== Information supplied
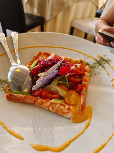 Siamo arrivati qui consigliati da persone del luogo. Ristorante all' interno dell' hotel. Ambiente molto molto carino, romantico. Servizio ottimo, da subito molto gentili e disponibili. Sia io che mio marito abbiamo voluto assaggiare più cose, tra gli antipasti, la tartare di branzino particolare, delicata e gustosa, i tipici culurgiones ripieni, il polpo eccezionale! Nei primi abbiamo finalmente mangiato la fregola, (una zuppa di pesce ma senza pane, con della pastina tradizionale sarda) Sublime!!! Poi dei ravioli di pesce stessa cosa. Tutto fresco e ottimo! Alta cucina. Per finire anche nei dolci, le tartellette con la creme brulé una poesia... Si sentono i prodotti di qualità e le ricette sono ricercate con abbinamenti ad hoc. Ottimo. In barba a tutti i ristoranti più famosi anche sulla costa di Alghero...dove siamo rimasti delusi. Tutto pesce congelato e cucinato male. Venite qui a rifarvi la bocca. Questo posto sarebbe da inserire nelle guide Michelin. Complimenti in cucina e a tutto lo staff. Grazie!! ( dimenticavo... il conto più che giusto,per quello che abbiamo mangiato ad Alghero ci avrebbero chiesto il doppio) Bravi,...
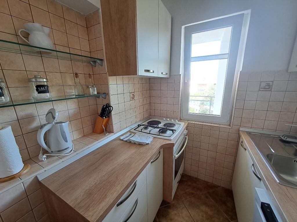 Helt fantastisk indkvartering. Den bedst udstyrede lejlighed. Masser af alt redskaber og tilbehør i køkkenet. Ekstra tæpper, håndklæder, masser af bøjler i skabet. Tørretumbler med knager til rådighed. Alt rent. Stor terrasse med siddepladser og plads til at placere et paddleboard og dykkerudstyr. Ejeren er meget venlig. En kort gåtur til en smuk stenstrand, hvor der er en café og hoppeattraktioner for børn. I nærheden er der restauranter, butikker, bageri, tobak, is, pizzeria, busstoppested og en lille havn, hvorfra båden afgår til Split og Trogir.
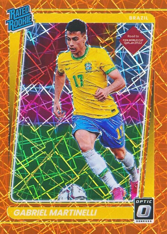The Gabriel Martinelli 2021 Donruss #182 Optic - Orange Velocity /49 Rookie card in Raw condition has not changed in price in the last 30 days and was last sold for $150.00 .
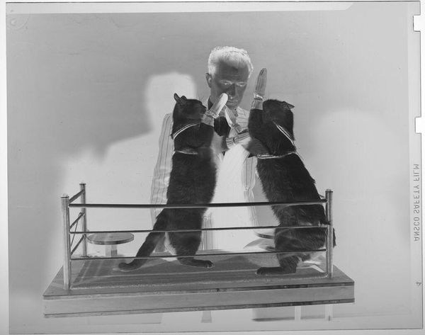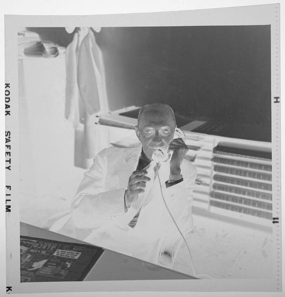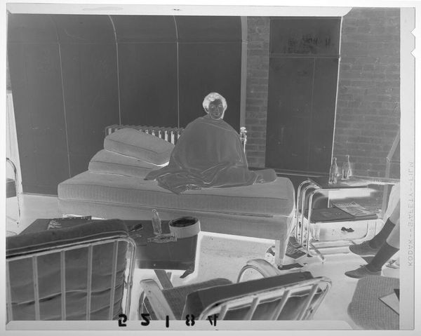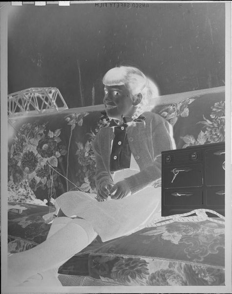 Curator: Let’s consider this intriguing work by Lucian and Mary Brown, titled "Untitled (boy in bed with toy gun)," a small, gelatin silver print currently held in the Harvard Art Museums. Editor: It’s striking how the inverted tones create such a stark, almost unsettling mood. The toy gun glints menacingly. Curator: The unsettling feeling is valid; consider the power dynamics at play, the intersection of childhood innocence and the premature introduction of violence, a theme deeply embedded within our societal constructs. Editor: And the photographic process itself, the darkroom manipulation, the chemical reactions—they physically manifest this disquiet. It’s not just the image; it’s about how it’s made. Curator: Precisely, it provokes conversations about performativity and power structures, especially concerning young boys and their implied roles. Editor: Indeed. The materiality of the image and the imagery coalesce to question societal norms. It's a potent reminder of the objects we create and consume and the social impact that they have.
====
* **Problem to solve**
Only the text of the listing above should be copied, exactly and with pictures left out.

* **Written reply**
 Siamo arrivati qui consigliati da persone del luogo. Ristorante all' interno dell' hotel. Ambiente molto molto carino, romantico. Servizio ottimo, da subito molto gentili e disponibili. Sia io che mio marito abbiamo voluto assaggiare più cose, tra gli antipasti, la tartare di branzino particolare, delicata e gustosa, i tipici culurgiones ripieni, il polpo eccezionale! Nei primi abbiamo finalmente mangiato la fregola, (una zuppa di pesce ma senza pane, con della pastina tradizionale sarda) Sublime!!! Poi dei ravioli di pesce stessa cosa. Tutto fresco e ottimo! Alta cucina. Per finire anche nei dolci, le tartellette con la creme brulé una poesia... Si sentono i prodotti di qualità e le ricette sono ricercate con abbinamenti ad hoc. Ottimo. In barba a tutti i ristoranti più famosi anche sulla costa di Alghero...dove siamo rimasti delusi. Tutto pesce congelato e cucinato male. Venite qui a rifarvi la bocca. Questo posto sarebbe da inserire nelle guide Michelin. Complimenti in cucina e a tutto lo staff. Grazie!! ( dimenticavo... il conto più che giusto,per quello che abbiamo mangiato ad Alghero ci avrebbero chiesto il doppio) Bravi,...
 Helt fantastisk indkvartering. Den bedst udstyrede lejlighed. Masser af alt redskaber og tilbehør i køkkenet. Ekstra tæpper, håndklæder, masser af bøjler i skabet. Tørretumbler med knager til rådighed. Alt rent. Stor terrasse med siddepladser og plads til at placere et paddleboard og dykkerudstyr. Ejeren er meget venlig. En kort gåtur til en smuk stenstrand, hvor der er en café og hoppeattraktioner for børn. I nærheden er der restauranter, butikker, bageri, tobak, is, pizzeria, busstoppested og en lille havn, hvorfra båden afgår til Split og Trogir.
The Gabriel Martinelli 2021 Donruss #182 Optic - Orange Velocity /49 Rookie card in Raw condition has not changed in price in the last 30 days and was last sold for $150.00 .
 Curator: Let’s consider this intriguing work by Lucian and Mary Brown, titled "Untitled (boy in bed with toy gun)," a small, gelatin silver print currently held in the Harvard Art Museums. Editor: It’s striking how the inverted tones create such a stark, almost unsettling mood. The toy gun glints menacingly. Curator: The unsettling feeling is valid; consider the power dynamics at play, the intersection of childhood innocence and the premature introduction of violence, a theme deeply embedded within our societal constructs. Editor: And the photographic process itself, the darkroom manipulation, the chemical reactions—they physically manifest this disquiet. It’s not just the image; it’s about how it’s made. Curator: Precisely, it provokes conversations about performativity and power structures, especially concerning young boys and their implied roles. Editor: Indeed. The materiality of the image and the imagery coalesce to question societal norms. It's a potent reminder of the objects we create and consume and the social impact that they have.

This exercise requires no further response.